Will the irony never cease.

Anyway, the most minimal reflection will tell you that beauty is not a cultural construction, that women in all places and at all times have been concerned with it, and that, beyond women who are oppressed by degrading dress codes—ones that force them to cover everything up—all women care about how they look, about the face they show to the public. 

This face, I daresay, does not signify social standing as clearly as does a male uniform, but it ought, at the least, to show dignity and self-respect. The dress codes are different, but women are clearly inclined to show themselves to be beautiful. A married woman will not present herself in the same way as will an unmarried available women, but all women try to look beautiful.
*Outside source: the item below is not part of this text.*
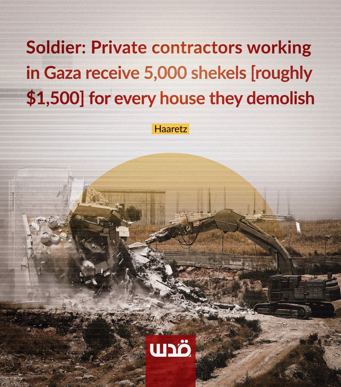 Haaretz ha pubblicato un nuovo rapporto sul lavoro dei soldati israeliani presso il GHG a Gaza. Un soldato veterano ha rivelato che qualsiasi appaltatore privato che lavori a Gaza con attrezzature ingegneristiche riceve 5.000 shekel [circa 1.500 dollari] per ogni casa demolita, aggiungendo che stanno guadagnando una fortuna e che ogni momento in cui non demoliscono case è una perdita di denaro.

It is their right. It is their privilege. It should not be denounced as a crime against feminism.

And yet, around the time of Wolf’s book, a beautiful young woman who was not a feminist intellectual, suffered a strange phenomenon: women hated her because she was beautiful. It’s a strange form of misogyny, a function of competitiveness over a quality that can barely be quantified, but clearly, it suggests that we should not overestimate the joys of sisterhood. Within certain circles, cattiness reigns. In an age when sisterhood was powerful, presumably liberated women laid down some serious hate against a woman they perceived to be beautiful.

New York Magazine allows this woman, now in the fifties, to tell her story. She does not reveal her name... and a good thing it is. If she did the trolls would emerge from their caves to trash her to within an inch of her now-fading beauty. Her story is harrowing and compelling.

Of course, the woman in question gained many advantages from being beautiful:

Around eighth grade people started to tell me I was pretty. I was tall and willowy. I had a great figure and I never weighed more than 120 pounds throughout my 20s. I started modeling in high school and had waist length dark brown hair and brown eyes. When I do the whole makeup, eyelashes, high heels, gown look I am very intimidating.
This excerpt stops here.